Ono: There is a fundamental flaw with our diagnosis of the symptoms and the treatment. A poor developing society with a lack of goods and inflation would end its recession in two or three years. This is because even if there is a temporary excess of goods, the preceding desire for them will remain strong and demand will recover so long as prices fall. However, in a mature society like now with an abundance of goods, people think, "I have enough stuff. I want money." That invites deflation. The correct way to view the situation now is that the United States and Europe have fallen into the same type of recession as Japan.

Mature societies risk experiencing 20 or 30-year recessions like Japan, where our economy continues to stagnate even after the "two lost decades." After a bitter experience with a bubble and its bursting thereafter, people begin to think, "The only thing I can truly rely on is money." These people retire, and then the next generation comes in with renewed confidence and starts to consume. This is because I believe it operates over a cycle of 40 years or so.

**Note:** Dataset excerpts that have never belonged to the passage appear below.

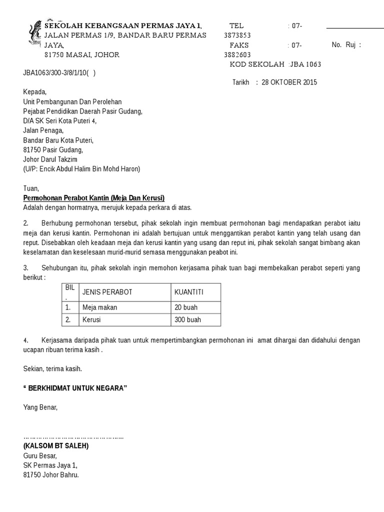 Surat Memohon Beli Meja Kerusi Bilik Guru from imgv2-2-f.scribdassets.com The modifmobilz.com team also provides the picture in top quality resolution (hd resolution) that can be downloaded simply by way. Contoh surat permohonan pembelian radas/ bahan. Contoh surat permohonan pekerjaan pemotretan bawah laut; Contoh surat perpanjangan tambahan waktu pekerjaan We have 1 images about contoh surat permohonan pembelian barang perubatan including images pictures photos wallpapers and more. Tërimasurat permohonan, cop tarima dan rujijk þadafenyelaras maklumat lengkap? Permohonan pembelian peta di pusat pegis (jabatan kerajaan) carta alir. Permohonan rekanan pekerjaan pembelian bahan limbah (scrap) demikian surat permohonan rekanan dari kami, atas kerjasamanya yang baik kami ucapkan.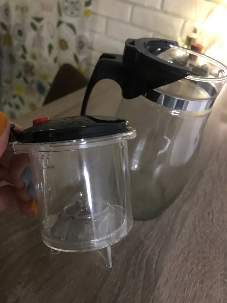 Заказываю третий чайник. У всех одна беда - еле течёт. Полминуты один пролив надо ждать. Неужто нельзя подъём клапана сделать побольше? С кнопкой ещё подшаманил, подточил её в одном месте, чтоб глубже опускалась - стало намного быстрей. А с рычагом пока не могу придумать, как доработать. И большая стеклянная колба отдельно нигде не продаётся. Разбилась - всё, заказывай новый чайник. Причём, маленькая пластиковая отдельно продаётся.
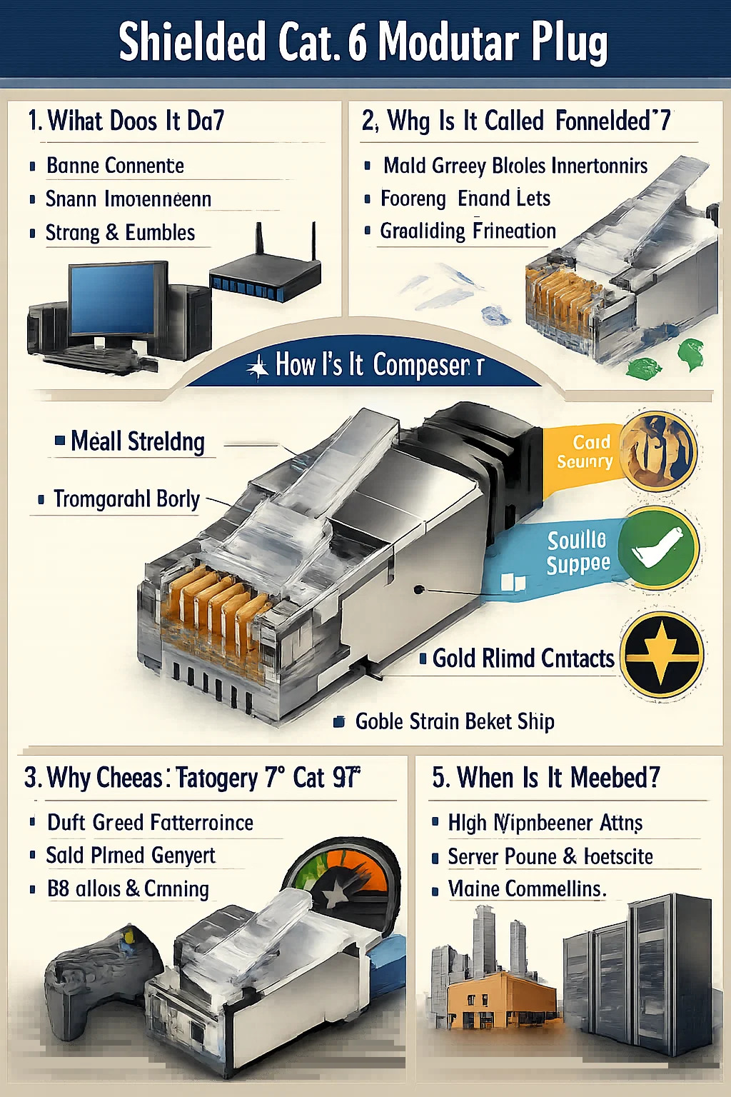 Rychlejší a silnější: „Kategorie 6“ představuje jeho výkonnostní úroveň. Jeho vnitřní kovové kontakty (pozlacené) a uspořádání jsou optimalizovány pro potřeby vysokorychlostního síťového přenosu a poskytují silnější přenosové schopnosti než starší konektory.

Q: Yet, postwar Japan experienced sustained, fairly rapid growth for nearly half a century.

A: Japan was a mature society before the war, but in defeat our industrial base was destroyed and we suddenly returned to being a developing society. That's why there were no worries over a lack of consumption and we could sustain high-speed growth. We became a mature society again in the 1980s, when interest shifted away from consumption and toward earning money through stocks and land. Then the focus of people's greed eventually stopped being stocks and land. Where did it turn to? Money. The Japanese economy is now in the midst of an unprecedented currency bubble.

Q: So we're in a bubble now?

A: Today's deflation-plus-recession seems to be a complete opposite of the land and stock bubble of the '80s, but it's actually the same pathology. Deflation is a decline in prices that allows you to buy more things with the same amount of money. In other words, the value of money goes up. Everyone wants money now. This "money bubble" has pushed up its value to an abnormal level.

Q: Wouldn't there be less of a need for money as a means of exchange if we were content with the supply of goods or our desire for them lessened?

A: If you have money, you can use it whenever you want and be prepared for the unexpected. But you lose that privilege as soon as you use it because its value is set according to what you buy. That's why people want to feel assured and satisfied by not using it. They want to immerse themselves in this virtual delusion. This desire is in fact on the rise.

Q: Is their purpose to hold on to the delusion?

A: Money is so convenient as a means of exchange that we could say it is humanity's greatest invention. A bill is just a piece of paper and a credit card transaction is simply the product of numerical data. Even if the money is not physically there, we can obtain great satisfaction if we believe in its value. It's like a "god," don't you think? If the real estate bubble was a religion, it would be like "reizan shinko" (a belief in sacred mountains). But money is an abstract concept with even less physical form than land. It may be like a holy scripture, as it were.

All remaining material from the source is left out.